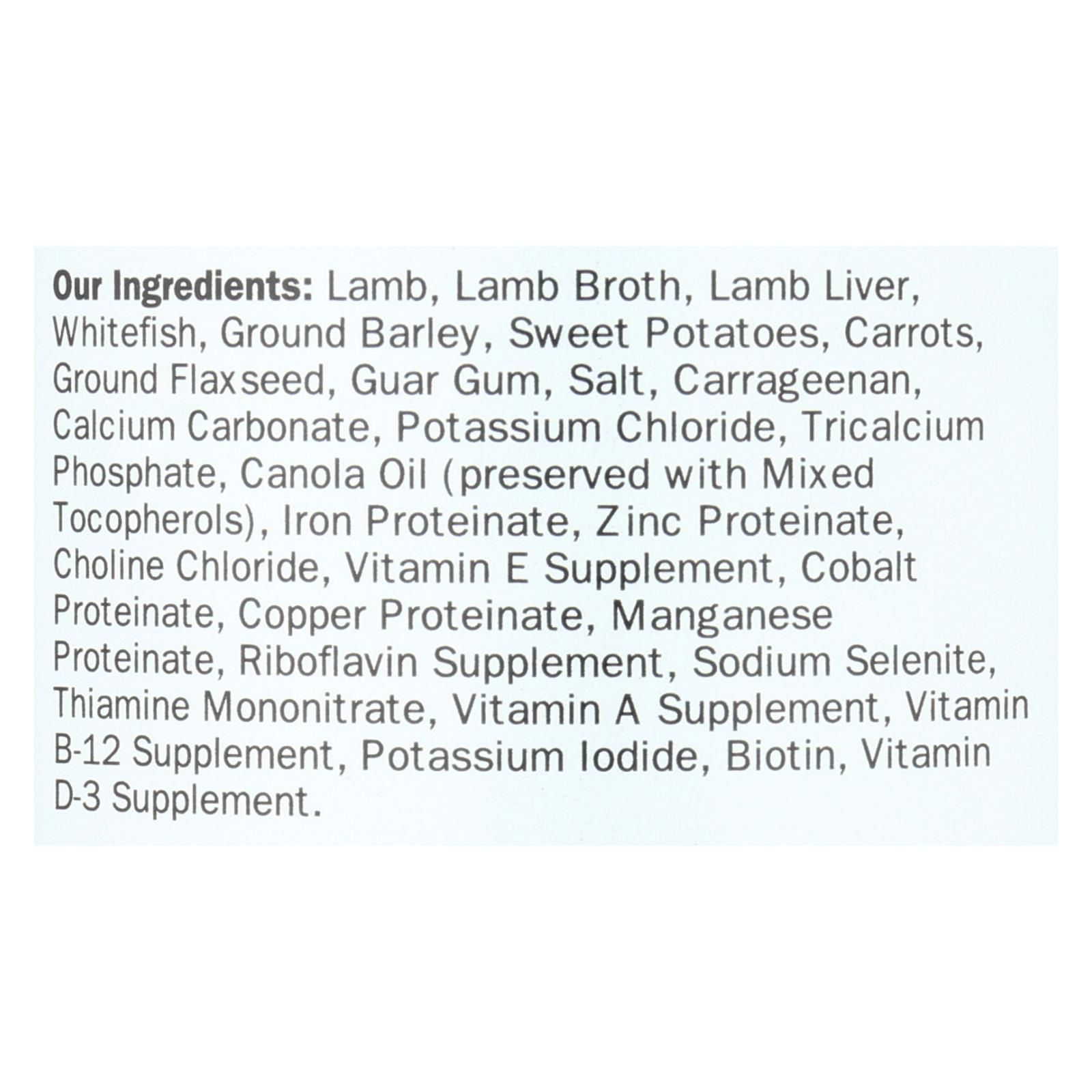ingredients : lamb;lamb broth;lamb liver;whitefish;ground barley;sweet potatoes;carrots;ground flaxseed;guar gum;salt;carrageenan;calcium carbonate;potassium chloride;tricalcium phosphate;canola oil;preserved with mixed tocopherols;iron proteinate;zinc proteinate;choline chloride;vitamin e supplement;cobalt proteinate;copper proteinate;manganese proteinate;riboflavin supplement;sodium selenite;thiamine mononitrate;vitamin a supplement;vitamin b-12 supplement;potassium iodide;biotin;vitamin d-3 supplement
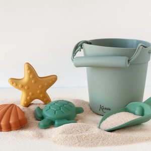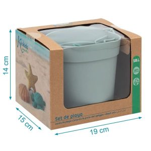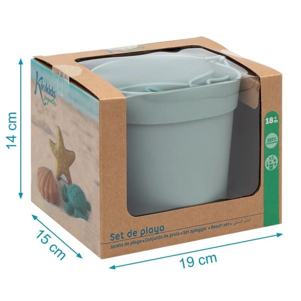 El set está compuesto por un cubo, una pala y 3 figuras para moldear con ellas en la arena.
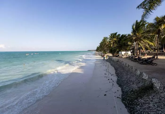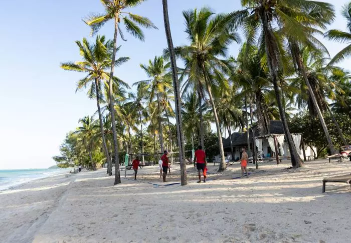 Som en av få platser på östkusten har Karafuu byggt en gångväg från stranden över korallerna så att du även när det är lågvatten kan ta dig ut dit vattnet är djupt nog för att bada.

——————

*Your goal:* Take the listing above and print it exactly, apart from the pictures.

*Exercise response:*
ingredients : lamb;lamb broth;lamb liver;whitefish;ground barley;sweet potatoes;carrots;ground flaxseed;guar gum;salt;carrageenan;calcium carbonate;potassium chloride;tricalcium phosphate;canola oil;preserved with mixed tocopherols;iron proteinate;zinc proteinate;choline chloride;vitamin e supplement;cobalt proteinate;copper proteinate;manganese proteinate;riboflavin supplement;sodium selenite;thiamine mononitrate;vitamin a supplement;vitamin b-12 supplement;potassium iodide;biotin;vitamin d-3 supplement
 El set está compuesto por un cubo, una pala y 3 figuras para moldear con ellas en la arena.
 Som en av få platser på östkusten har Karafuu byggt en gångväg från stranden över korallerna så att du även när det är lågvatten kan ta dig ut dit vattnet är djupt nog för att bada.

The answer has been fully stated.